10. Make exercise something you enjoy
Spoiler: exercise doesn’t need to feel like a chore. Setting a routine that allows you to sweat it out in a way that boosts endorphins and even joy can be the secret to sticking with your fitness routine.
‘Find ways of exercising that are fun for you personally, whatever that may be – dance workouts, long walks in nature or climbing,’ says Jacobson. ‘It’s when we do things from a place of wanting ourselves to feel good that we start to form habits that last.’
11. Consider a strength-building plan
While learning how to build muscle might not be at the top of your to-do list if your goal is to lose a stone, it could prove to be your secret weight-loss weapon. Yes, really. For starters, more muscle means a faster metabolism which means that your body burns more calories at rest.
If you’re into resistance training as your exercise of choice, focusing on progressive overload will improve your strength and build your body’s ability to work at higher intensities for longer, advises Leigh Clayton, PT at Embody Fitness.
‘It’ll easily give the best bang for your buck in terms of longevity,’ Clayton says. Working at a higher intensity for longer can lead to greater calorie burn as your heart rate spends longer in the sweet fat-burning zone.
What does progressive overload mean?
Progressive overload is the process of continually challenging your body by increasing the strain you put upon it.
For example, increasing the number of reps, the amount of weight or the speed an exercise is performed during strength training workouts are all ways to apply more strain to your muscles and force them to work harder. Exercising in this way helps to build strength, burn fat and grow muscle.
Need a month-long at-home plan to build strength at home? Look no further: PT Alice Liveing’s 28-day Kickstart Challenge will have you sculpting lean muscle and working hard in no time.
12. Go virtual
If you prefer to exercise at home (big up home workouts), it doesn’t mean you need to resign yourself to half-hearted or sub-par sessions. From home workout apps to HIIT plans, there’s something to get everyone feeling full of endorphins.
Whether your jam is Barre or Pilates, yoga or cardio home workouts, there is an app or streaming option for it. Don’t believe us?
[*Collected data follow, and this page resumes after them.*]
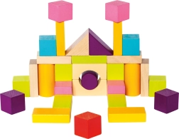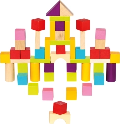 Благодарение на разнообразните форми – кубчета, цилиндри, дъги и триъгълници – децата строят кули, къщички и фантастични конструкции. Гладкото, качествено обработено дърво и пъстрите цветове подпомагат сетивното развитие и креативната игра.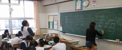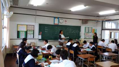 英語の授業では、ちょうど半分に割って、授業展開しています。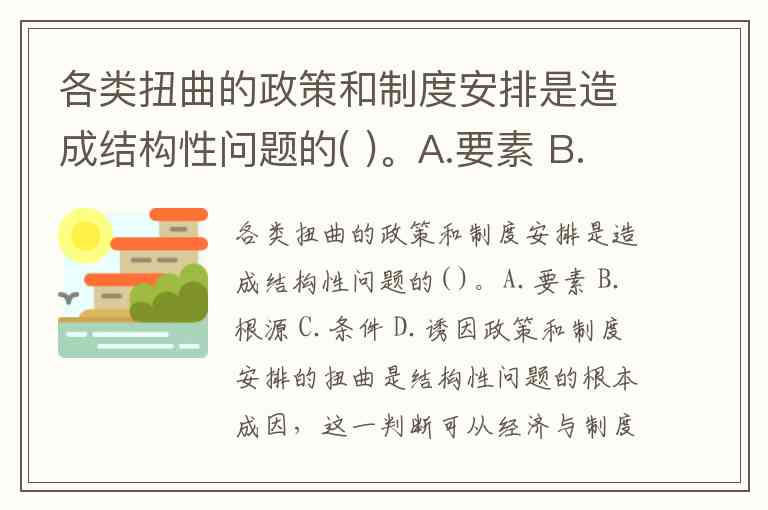 各类扭曲的政策和制度安排是造成结构性问题的( )。A.要素 B.根源 C.条件 D.诱因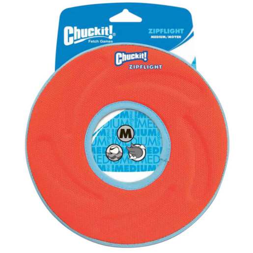 Chuckit Ziplight Medium Disc - Assorted - On land and in the water the Zipflight amphibious flying ring is designed for exceptional visibility and performance. Soft yet hardwearing, with rubber rim and liner for extra grip and strength. Assorted Color - May recieve either Orange/Blue or Green/Blue variant Medium Floating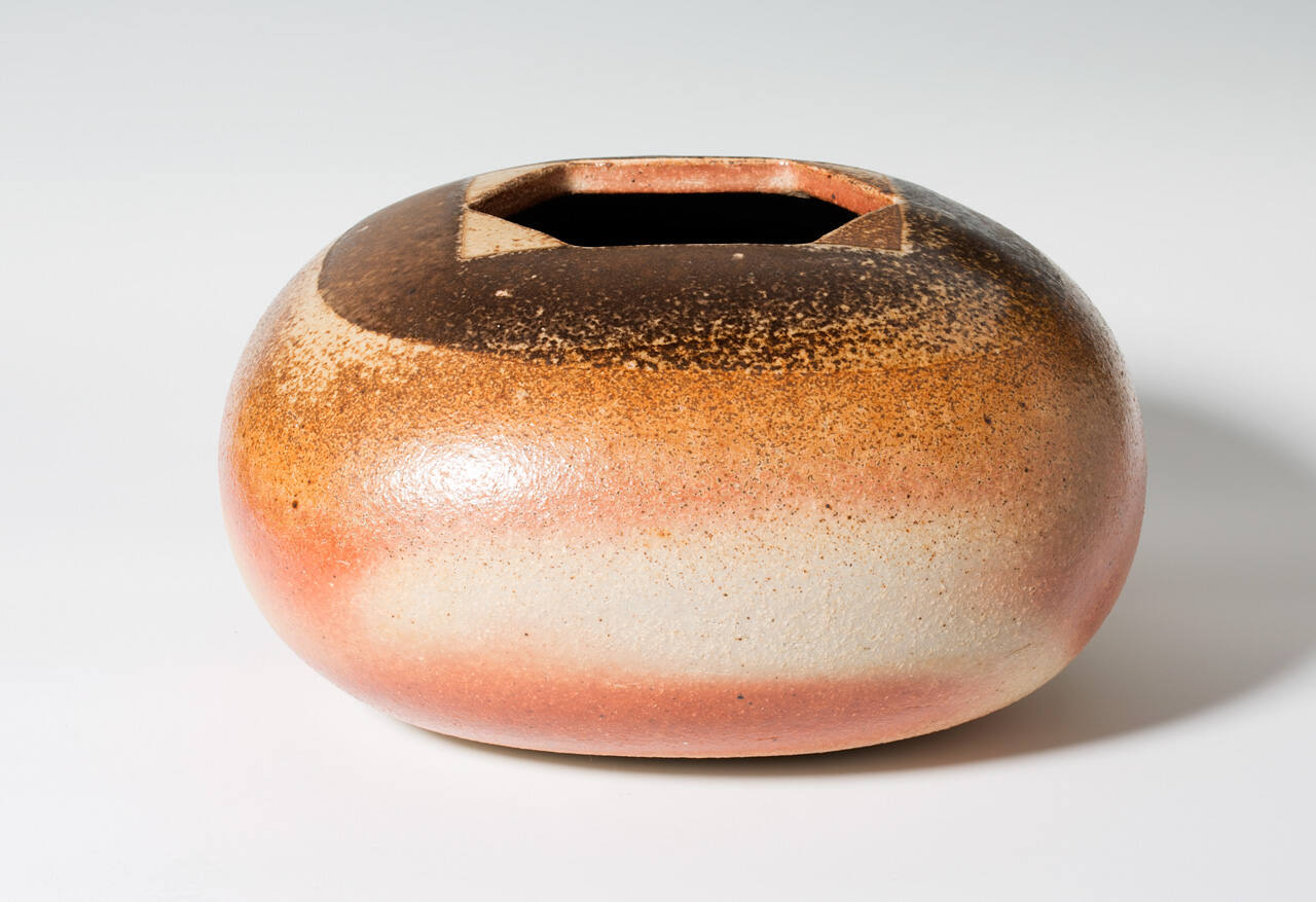 DescriptionRounded rectangular stoneware pot with hexagonal opening at the top, glazed with brown, beige and orange on the exterior and dark brown on the interior.Copyright© Victor Babu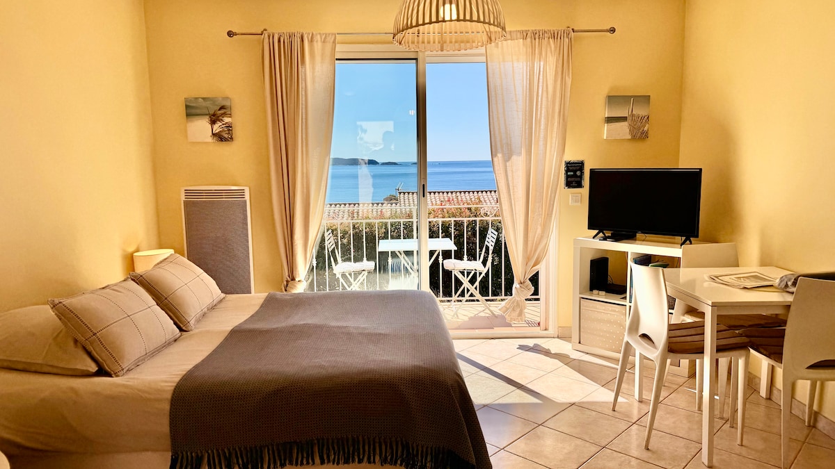 小型公寓,適合2人入住,翻新,有一間臥室,一個面向漂亮海景的舒適露台,游泳池位於公寓腳下的住宅內。 距離海邊800米,步行5分鐘即可抵達港口和村莊,住宅內有停車位。 設備齊全,配有單車房。 我會為您提供所有正確的計劃,以充分利用我們的小天堂和對面的島嶼。 請隨時查看您收到的正面評價。 待會見

Take a gander through our top picks.
3 tips to maintain your healthy body weight
It’s one thing losing the weight, but keeping it off is a whole different ball game. Try to keep these tips front of mind.
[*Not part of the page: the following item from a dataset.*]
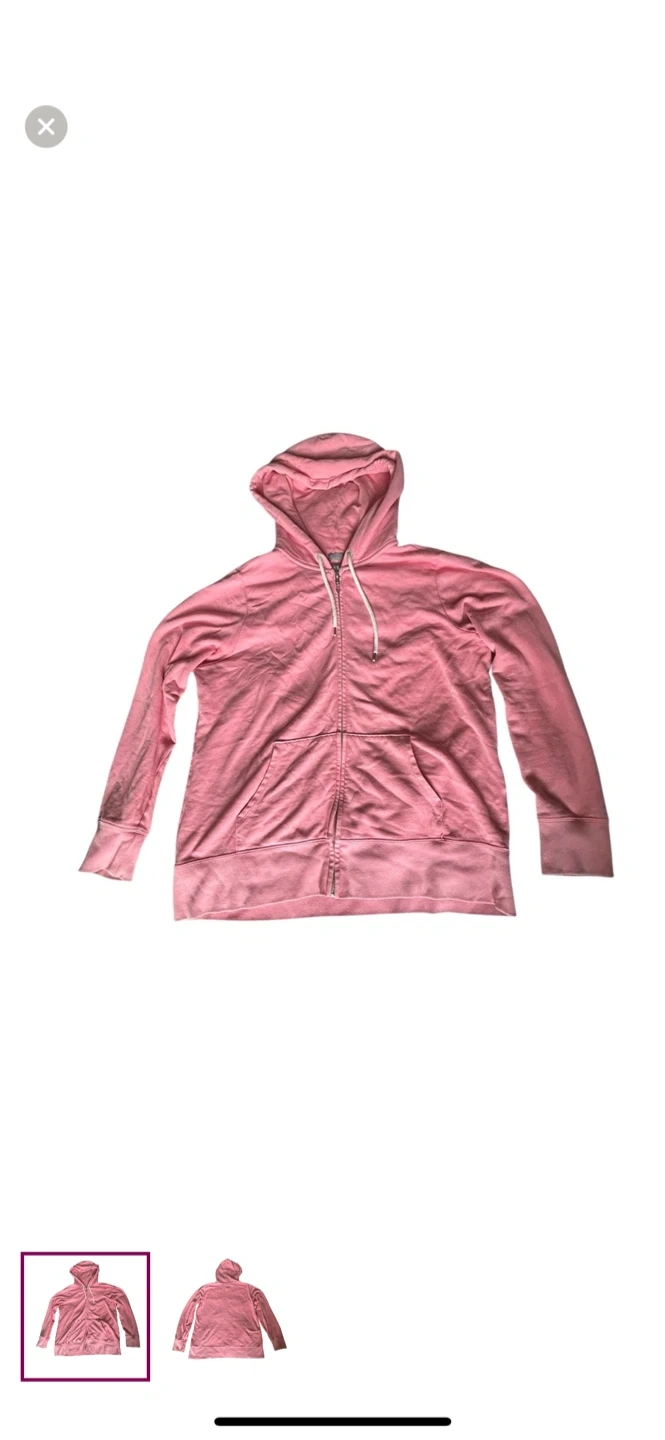 Selling a comfy pink zip-up hoodie! It's perfect for layering or just lounging around the house. It has a hood and front pockets, making it super practical. It's in great condition and ready for a new home! It’s from GAP and size L. It’s %100 cotton.

1. Practice mindful eating
One culprit of weight regain can be mindless overeating: ‘Psychologically speaking, the biggest reason people eat when they aren’t hungry is that overeating has become a coping mechanism,’ says Jacobson. ‘We overeat to stave off overwhelming emotional pain or to avoid facing how bored and unhappy we are.
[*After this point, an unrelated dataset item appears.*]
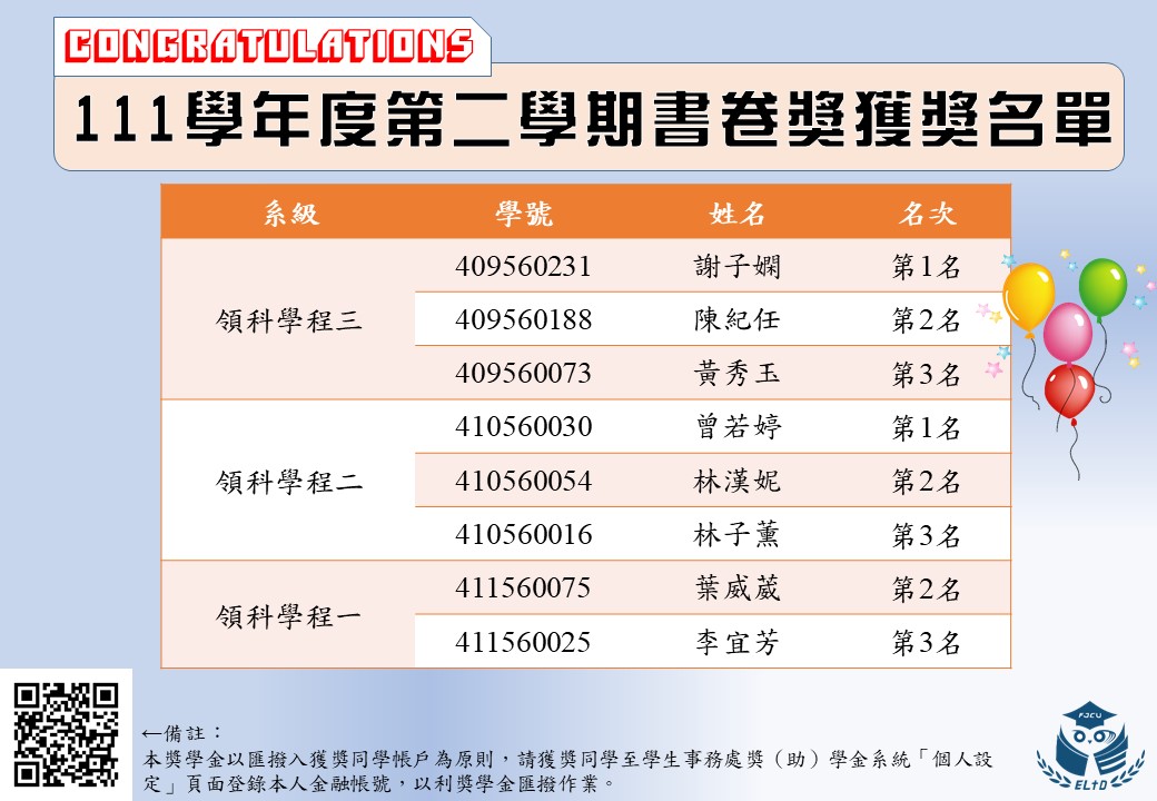 【111學年度第二學期書卷獎獲獎名單公告,恭喜獲獎同學!!

A good way to prevent habitual eating when you aren’t hungry is by taking a two-minute “mindfulness break” whenever you feel the urge to eat, suggest Jacobson. ‘This will help you tap into whether it’s an emotion you need to deal with, or you actually are hungry,’ she says.
2. Remember your body is constantly in flux
Just because you weighed ‘X’ on Monday doesn’t mean you’ll weigh the same on Tuesday or Wednesday. Your body is constantly reacting to internal and external stressors – such as your menstrual cycle hormones or the huge week at work you’ve just had.
Focus on controlling the controllable: sleep, nutrition, exercise and hydration. Your body will do the rest.
3. Focus on the big picture
Other lifestyle changes, such as ensuring you get enough sleep, reducing stress and following a realistic diet and fitness plan that’s enjoyable and not laborious, will help keep the weight from returning.
Most importantly, try not to hone in on indulgences. If you want to keep weight off permanently, it’s not about living a healthy life all the time, it’s about living a mostly healthy life. Strive for progress, not perfection — famously. That’s what makes it sustainable for the long term.